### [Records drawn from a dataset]
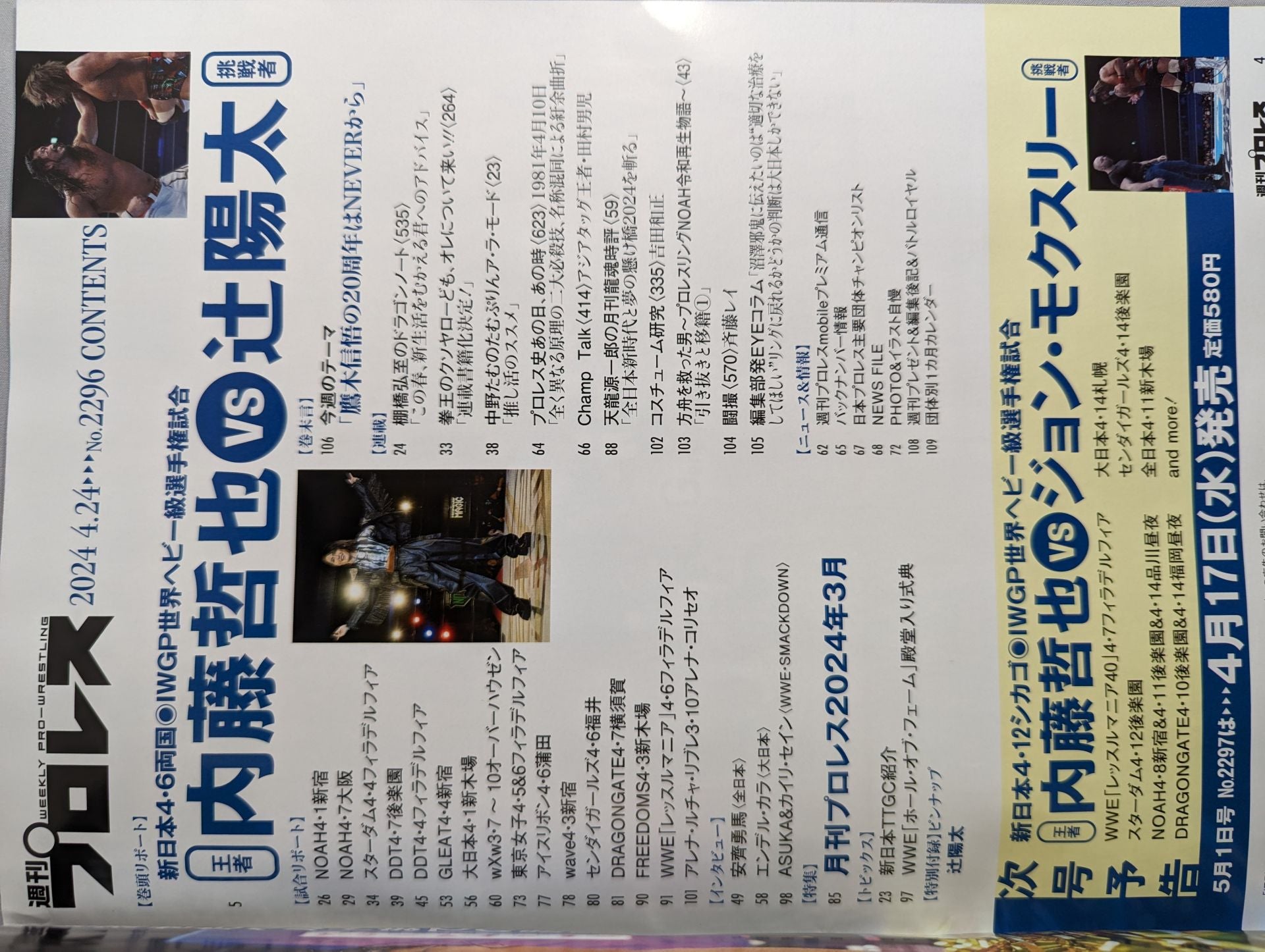 2024 Tetsuya Naito shakes off Yota Tsuji to defend the IWGP World / Interview with "Youngest Triple Crown Champion" Yuma Anzai  / Stardom America Maika  V3 / Kaito Kiyomiya  & Ryohei Oiwa  GHC Tag Team Capture / WrestleMania First Day & Bull Nakano Hall of Fame Award / Pin-Up: Yota Tsuji  Cover: Tetsuya Naito, Yota Tsuji
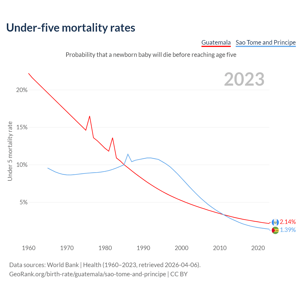 The chance that a newborn baby will die before reaching age five is 2.14% in Guatemala and 1.39% in Sao Tome and Principe. Above is a chart with historical data on under-five mortality rates.
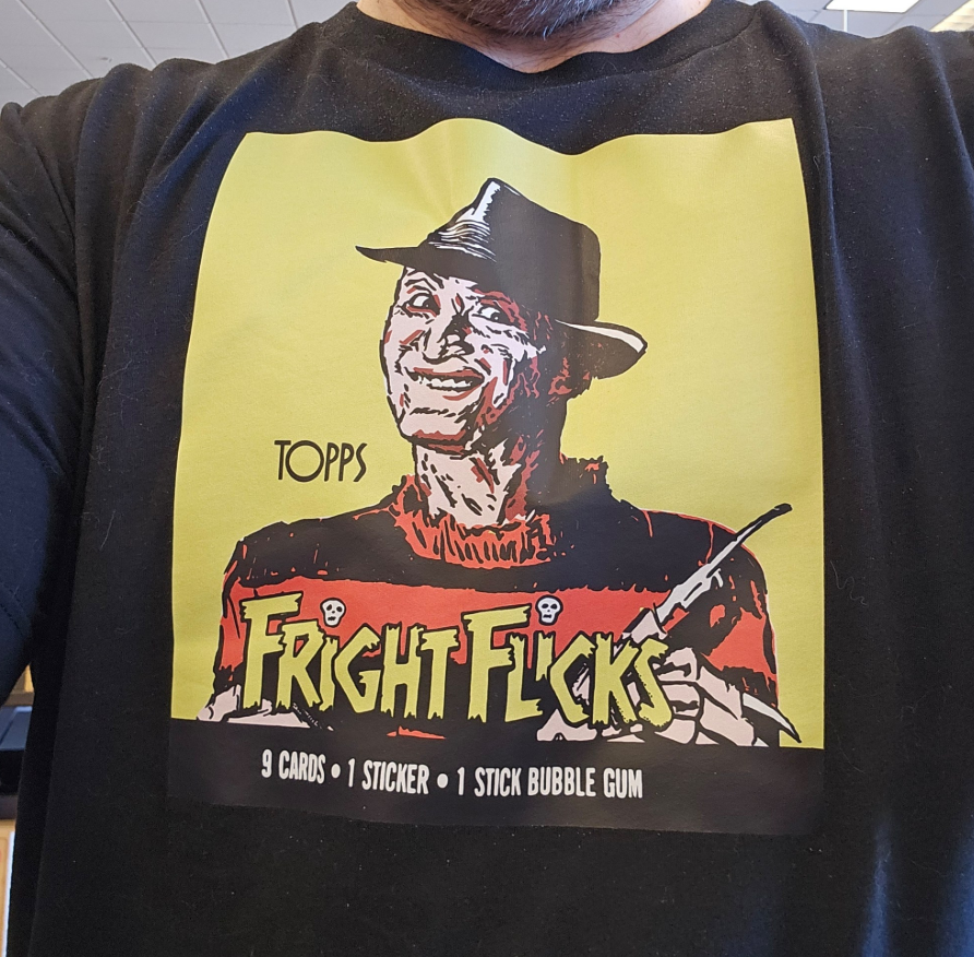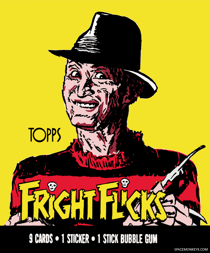 I was already looking for inspiration for a Halloween t-shirt design and I decided it would be cool to recreate the Freddy artwork. I found a photo of the packaging online, brought it into Procreate, and simply began tracing it, using different layers to create the overlapping colors. I was pretty happy with the results and thought it would be fun to do the rest of the Fright Flicks waxpack artwork (so far I’ve only finished Pumpkinhead, but the rest are in-process). The next thing I knew I was scouring the web for waxpacks and spending hours of time recreating them.
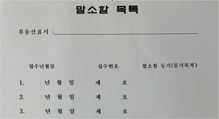 - 말소 대상 등기: 접수년월일, 접수번호, 말소할 등기(등기목적), 부동산(여러 개의 부동산인 경우, 구분할 수 있도록 지번/형태 기재)을 기재
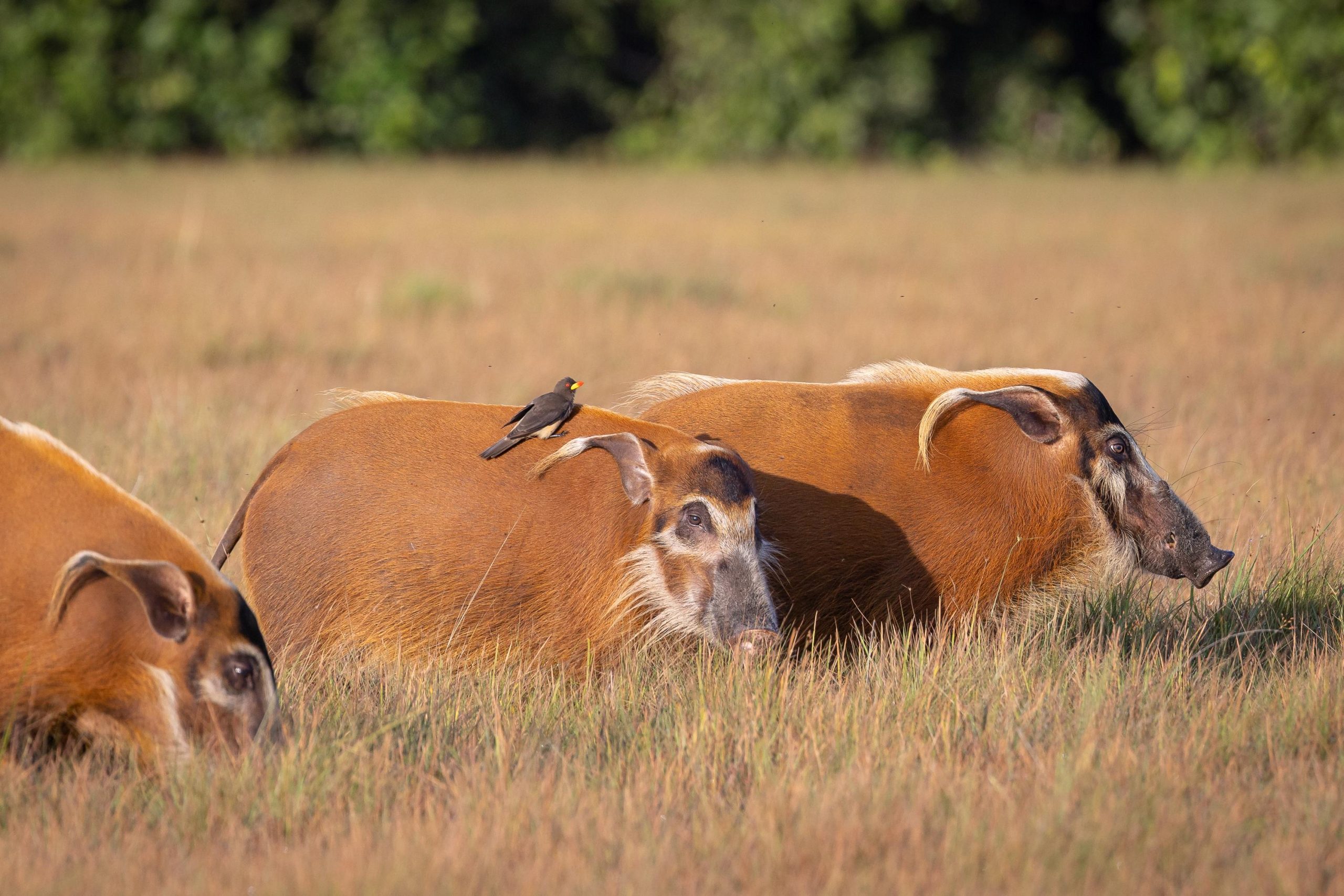 Éléphants, buffles, potamochères et singes… la vie des oiseaux y est abondante.
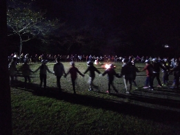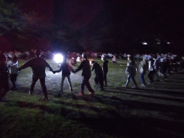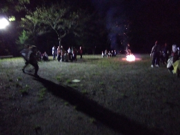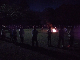 キャンプファイヤーで盛り上がっています。火を迎える集いで、誓いの言葉を代表の児童が言ったあと、ジンギスカンを踊ったり、猛獣狩りゲームをしたり、マイムマイムを踊ったりしています。思い出に残る夜になりそうです。
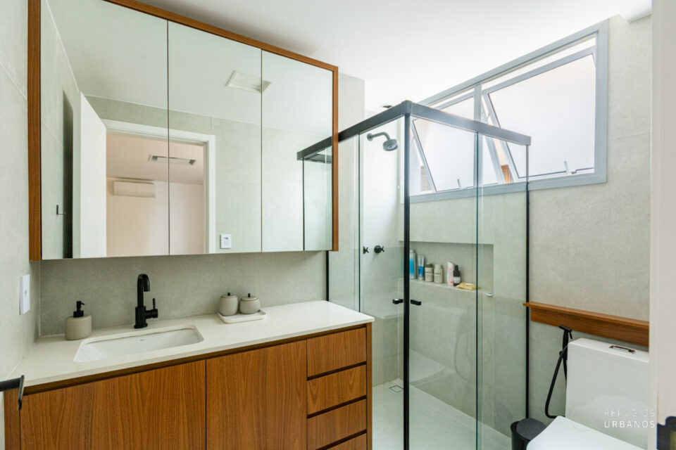 A suíte master do casal, conta com um banheiro enorme, e é muito charmosa, além de contar com marcenaria de sobra. Definitivamente, o sinônimo de viver bem!

### [Directions]
Return nothing except the lines from the line with "Éléphants, buffles, potamochères" through the last line of the records above, copied exactly and without pictures.

### [Your solution]
 Éléphants, buffles, potamochères et singes… la vie des oiseaux y est abondante.
 キャンプファイヤーで盛り上がっています。火を迎える集いで、誓いの言葉を代表の児童が言ったあと、ジンギスカンを踊ったり、猛獣狩りゲームをしたり、マイムマイムを踊ったりしています。思い出に残る夜になりそうです。
 A suíte master do casal, conta com um banheiro enorme, e é muito charmosa, além de contar com marcenaria de sobra. Definitivamente, o sinônimo de viver bem!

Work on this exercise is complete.